Once the VM powers on, the OVF properties will automatically be injected into the VM and in a few minutes, you will have a fully configured VM. Pretty cool right!? What I really love about this solution beyond its simplicity is that the tool allows you to easily generate the OVF property spec file. This is much easier than having to manually inspect an OVF/OVA and then extract the params by hand which can be very error prone. Lastly, I want to give a big shoutout to Pieter Noordhuis who was the Engineer who had implemented this awesome feature and is also one of the Engineers who created govmomi.
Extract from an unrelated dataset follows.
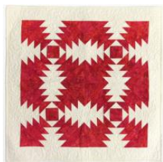
ACQUILT PINEAPPLE DIE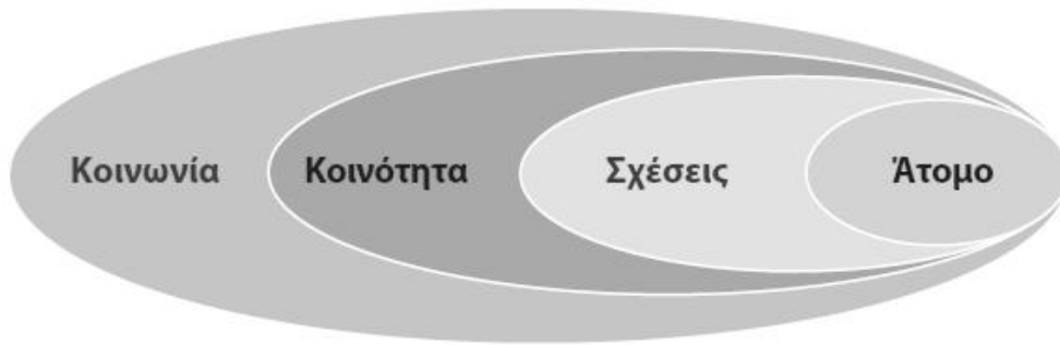
μ 1.1. World Health Organization, 2006.

Η Κοινωνία, η Κοινότητα, οι Σχέσεις και το Άτομο αποτελούν τα βασικά επίπεδα της υγείας. Η υγεία είναι μια κατάσταση ευεστρέφειας, στην οποία ο άνθρωπος μπορεί να αντιμετωπίσει τις απαιτήσεις της ζωής, να εργάζεται, να σπουδάσει, να απολαύσει την αλληλεπίδραση με τους άλλους και να συμβάλει στην κοινωνία. Η υγεία είναι μια κατάσταση ευεστρέφειας, στην οποία ο άνθρωπος μπορεί να αντιμετωπίσει τις απαιτήσεις της ζωής, να εργάζεται, να σπουδάσει, να απολαύσει την αλληλεπίδραση με τους άλλους και να συμβάλει στην κοινωνία. Η υγεία είναι μια κατάσταση ευεστρέφειας, στην οποία ο άνθρωπος μπορεί να αντιμετωπίσει τις απαιτήσεις της ζωής, να εργάζεται, να σπουδάσει, να απολαύσει την αλληλεπίδραση με τους άλλους και να συμβάλει στην κοινωνία.

Thanks Peter!

9 thoughts on “Slick way of deploying OVF/OVA directly to ESXi & vCenter Server using govc CLI

  1. Hello,

    I would like to experiment with a VM distributed as an OVA with properties.
    But… is the above supposed to work on ESXi with a free license?
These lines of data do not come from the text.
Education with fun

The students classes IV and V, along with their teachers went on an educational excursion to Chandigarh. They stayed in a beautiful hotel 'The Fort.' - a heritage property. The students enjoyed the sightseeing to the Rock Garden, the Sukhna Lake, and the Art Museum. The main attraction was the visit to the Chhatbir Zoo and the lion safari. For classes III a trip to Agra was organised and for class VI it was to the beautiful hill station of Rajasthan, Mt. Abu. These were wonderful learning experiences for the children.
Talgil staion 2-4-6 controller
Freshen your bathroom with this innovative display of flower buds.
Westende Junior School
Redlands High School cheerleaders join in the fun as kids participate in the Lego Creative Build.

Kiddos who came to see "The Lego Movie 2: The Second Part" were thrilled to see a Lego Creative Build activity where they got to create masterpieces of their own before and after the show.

    This is what I get with govc (first the output of “about”, followed by the error reported by “import.ova”):

    Name: VMware ESXi
    Vendor: VMware, Inc.
    Version: 6.0.0
    Build: 3620759
    OS type: vmnix-x86
    API type: HostAgent
    API version: 6.0
    Product ID: embeddedEsx
    ./govc_darwin_amd64: Line 151: Unsupported element ‘Property’

    Trying through the web interface (EHC), vSphere Client and ofvtool raises the same kind of error message.

    Many thanks in advance,

  2. govc import.spec /tmp/VMware-vCenter-Server-Appliance-
    govc: failed to parse ovf: strconv.ParseUint: parsing “-100”: invalid syntax

  3. I have an ova that is stored locally on a ESXi host.
    From esxi shell I can see the full path of the file as – /vmfs/volumes/HDD01/ova/ubuntu.ova

    My environment is set with the following value for datastore

    I am able to see the ova file using
    govc datastore.ls -l ova


    govc datastore.ls -l /ova

    However it is not clear to me, what path I need to provide for govc import.spec.

    I tried
    govc import.spec /ova/ubuntu.ova
    govc import.spec ova/ubuntu.ova

    Both return with “no such file or directory”

    I’d appreciate any help on this.
    Thank You.

  4. Hi william , Nice Article and very useful commands but I want to know whether a vm (vmname) exists in the given datacenter or not[I should validate only the vmname exist or not not its IP] . please provide me the link or script ASAP…

    Thanks in advance

  5. InjectOvfEnv is not working for me on ESXi 6.5 and govc 0.15.0. Does this only work on vCenter not directly to ESXi?

  6. Works great on version 6.0 but I’m unable to make govc work with vsphere version 6.5. I always end with unconfigured VM (localhost instead of IP) . Any ideas?

    • I was able to deploy it using govc but only “Stage 1”. Is there any way how to import “Stage 2” there as well?

  7. Thank you for sharing this! Being able to script this process, and do so without needing a vCenter Server, is a huge plus. Worked great for me.